Write out again the lines from the line with "Das Schlafzimmer ist" up to and including the line with "とぐろを巻いたコブラを大胆な", exactly as they stand below, and skip any picture.

Data for this exercise
########
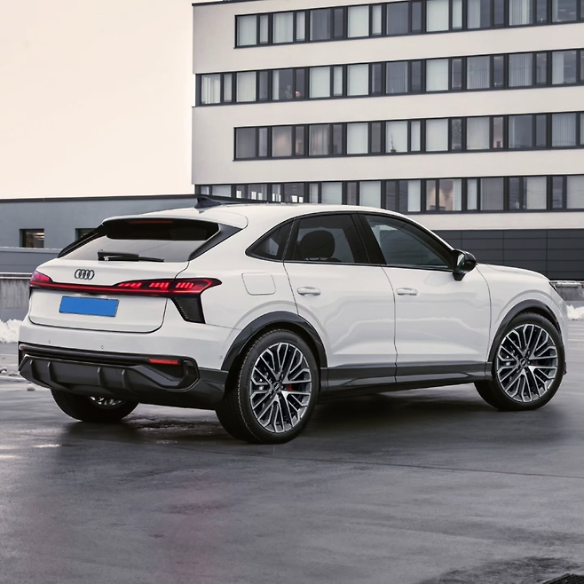 2026년형 Q3 스포츠백은 기존 모델과 유사한 측면 디자인을 보이지만, 전후면 디자인에 큰 변화가 예상된다. 큰 휠과 레드 브레이크 캘리퍼로 스포티한 이미지를 강조했으며, 후면의 윙 형태 LED 테일라이트와 전면의 작고 스포티한 라디에이터 그릴도 눈에 띈다.
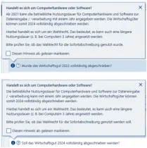 Bei Eingabe taucht immer wieder die Meldung auf. Kann man in der Gesamtabschreibungstabelle grundsätzlich unterschiedlich entscheiden - entweder für 1) mehrere Jahre ansetzen und wiederum gleichzeitig für andere Einträge wo ich mich für 2) Sofortabschreibung entscheide oder darf die Tabelle für sämtliche Wirtschaftsgüter entweder nur 1) oder 2) enthalten?
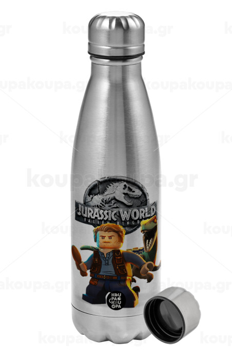 Jurassic world, Metallic water bottle, stainless steel, 750ml
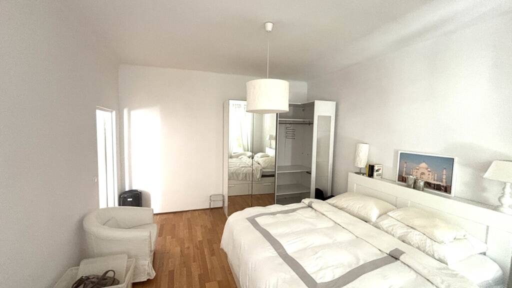 Das Schlafzimmer ist ein ruhiger Rückzugsort, der Ihnen erholsame Nächte garantiert. Es bietet genügend Platz für einen großen Kleiderschrank und sorgt für eine angenehme Wohnatmosphäre. Das Badezimmer ist mit einer Dusche, einem Waschbecken und einem Waschmaschinenanschluss ausgestattet.
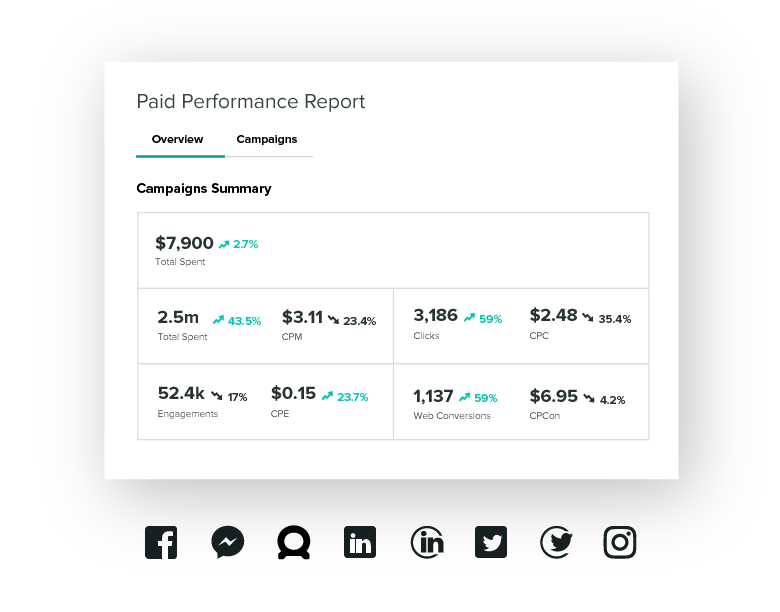 Dive deep into paid social data with powerful performance reporting and deep analytics together. Access hundreds of detailed paid metrics across networks—from spend, clicks and CPM to low-level conversion outcomes like “added to cart,” email registrations and content downloads—and tap into dynamic data visualizations.
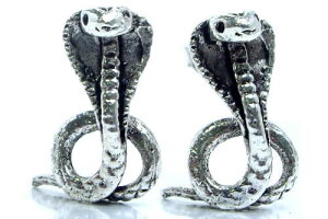 とぐろを巻いたコブラを大胆な大きさで立体的にデザインしたシルバーピアス。質感までリアルに再現された蛇アクセサリーは、ヘビ好きにはたまらない逸品でしょう。圧倒的な存在感を放つ大きさのコブラは見る人を威嚇するシルバーアク
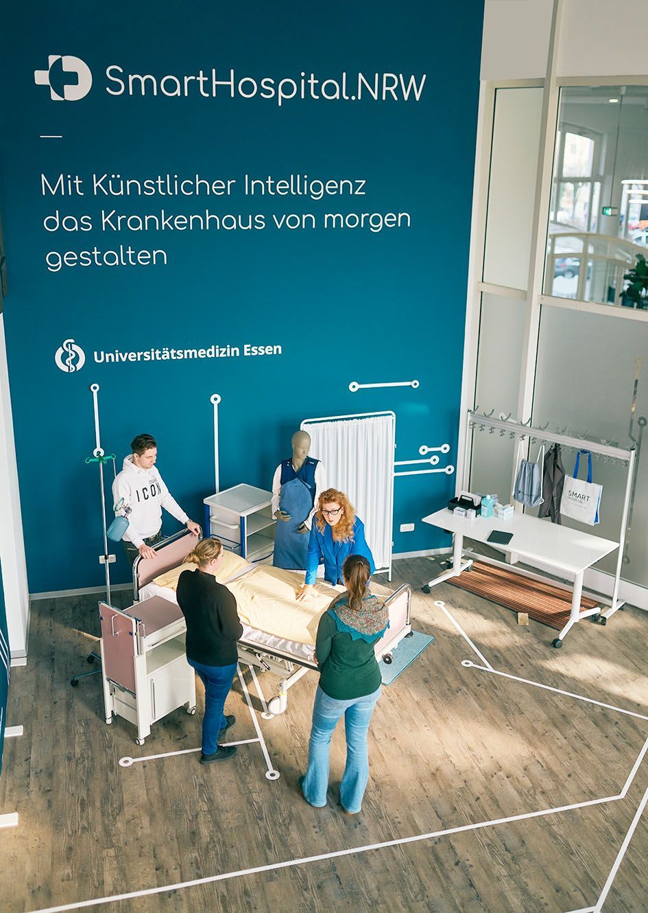 Aber die Zulassung als Medizinprodukt ist eine Minimalvoraussetzung, um ein Produkt in den Umlauf zu bringen. Und dann muss genauso wie bei anderen technischen Neuerungen das Personal entsprechend eingeführt und geschult werden. Wir untersuchen zum Beispiel im Rahmen von Transformationsmodellen, ob eine eigene Qualifizierung für das Personal notwendig ist. In Krankenhäusern gibt es ja Mitarbeitende, die Jahrzehnte dort bleiben. Für jüngere Kolleg*innen, egal in welchem Beruf, ist die Schwelle niedriger, sich weiterzubilden, vielleicht sogar berufsbegleitend ein Bachelorstudium „Pflege und Digitalisierung“ zu machen, wie die FOM es in Kooperation mit der UME anbietet. Der Fokus muss aber auch auf den älteren Mitarbeitenden liegen. Für diese Gruppe ist es wichtig, dass man Module anbietet, einzelne Fächer, die man belegen kann, ohne den Druck eines kompletten Studiums. Es muss eher niedrigschwellig sein, und dann versuchen wir immer wieder, die Leute da heranzuführen. Das ist, glaube ich, auch vor dem Hintergrund sehr wichtig, dass die Welt sich ändert und Digitalisierung überall Einzug hält –ob ich ein Bahnticket buche oder es künftig das 49-Euro-Ticket nur als digitales Ticket geben soll.
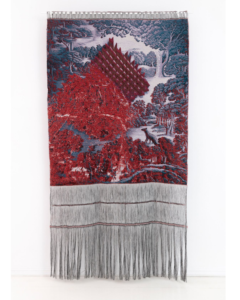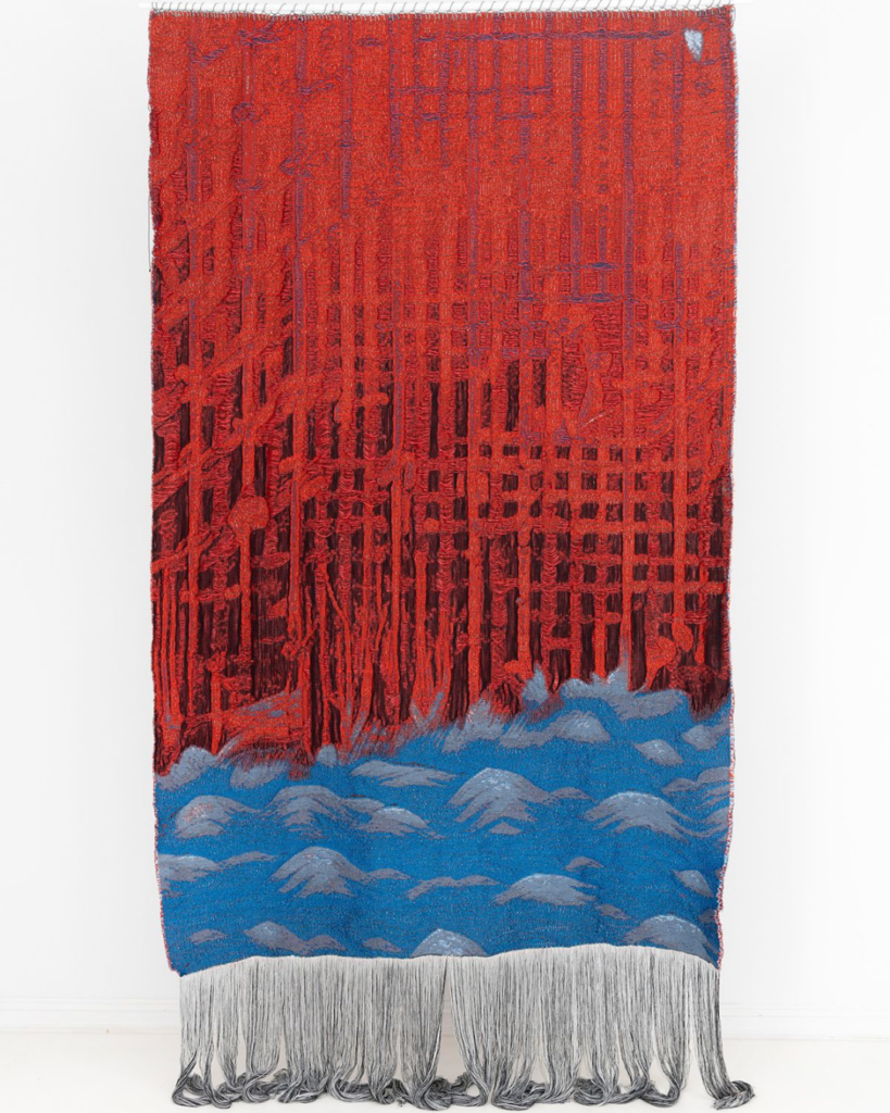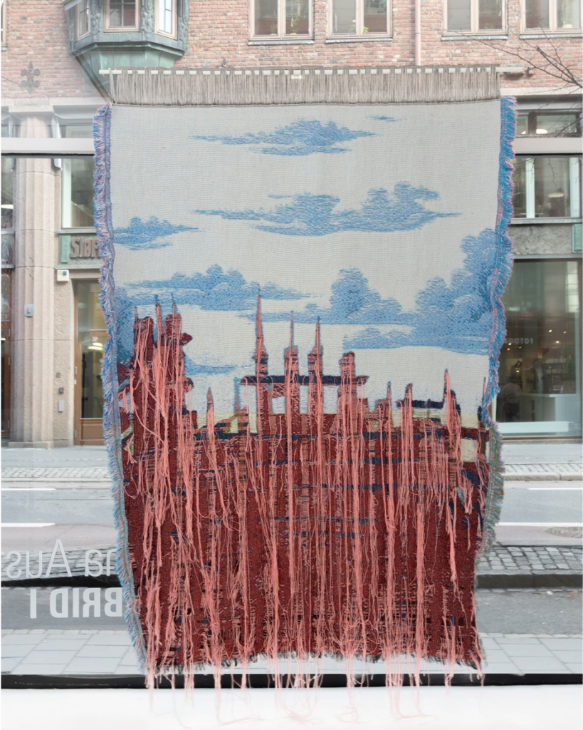 Austi holds a Fine Arts degree from the Bergen Academy of Art and Design, where she completed both her undergraduate studies, from 2006 to 2009, and her master’s degree, from 2009 to 2011, in the textiles department. She has dedicated her practice to digital Jacquard weaving, a technique that allows for the creation of complex images on the loom through computer programming. Her curiosity about the woven surface is, by her own account, the driving force behind her entire body of work.
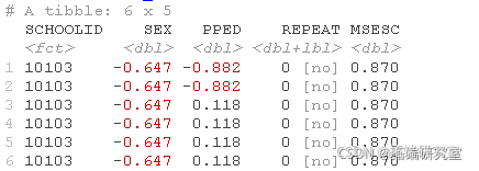 Ed\_e <- Ed\_Ra %>% mtae(SCHLI = fcor(SCLID, SEX = if_se(SX == 0, "grl", "by"), SEX = facor(SEX, lvls = c("gil", "boy")), PED = if_ese(PPED == 0, "no", "yes"), PED = facr(PPD, leel = c("no", "yes")))
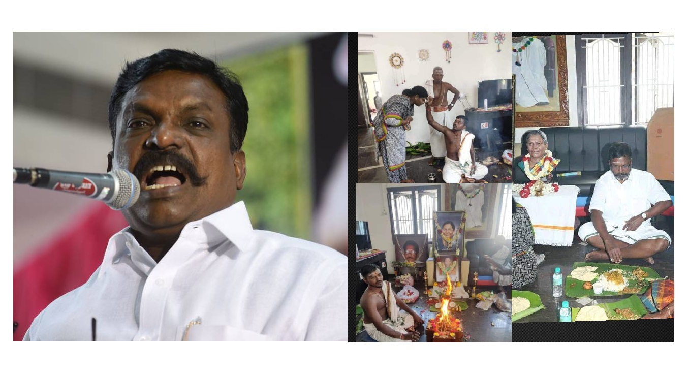 But today we have Thol. Thirumavalavan performing the 16th day rituals for his sister, the Santana way. “Why not abolish Sanatana Dharma now? When it comes to personal life you follow Santana Dharma, but you speak ill of it to do minority appeasement for vote bank”, political commentators and opponents ask.
########
Written solution
 Das Schlafzimmer ist ein ruhiger Rückzugsort, der Ihnen erholsame Nächte garantiert. Es bietet genügend Platz für einen großen Kleiderschrank und sorgt für eine angenehme Wohnatmosphäre. Das Badezimmer ist mit einer Dusche, einem Waschbecken und einem Waschmaschinenanschluss ausgestattet.
 Dive deep into paid social data with powerful performance reporting and deep analytics together. Access hundreds of detailed paid metrics across networks—from spend, clicks and CPM to low-level conversion outcomes like “added to cart,” email registrations and content downloads—and tap into dynamic data visualizations.
 とぐろを巻いたコブラを大胆な大きさで立体的にデザインしたシルバーピアス。質感までリアルに再現された蛇アクセサリーは、ヘビ好きにはたまらない逸品でしょう。圧倒的な存在感を放つ大きさのコブラは見る人を威嚇するシルバーアク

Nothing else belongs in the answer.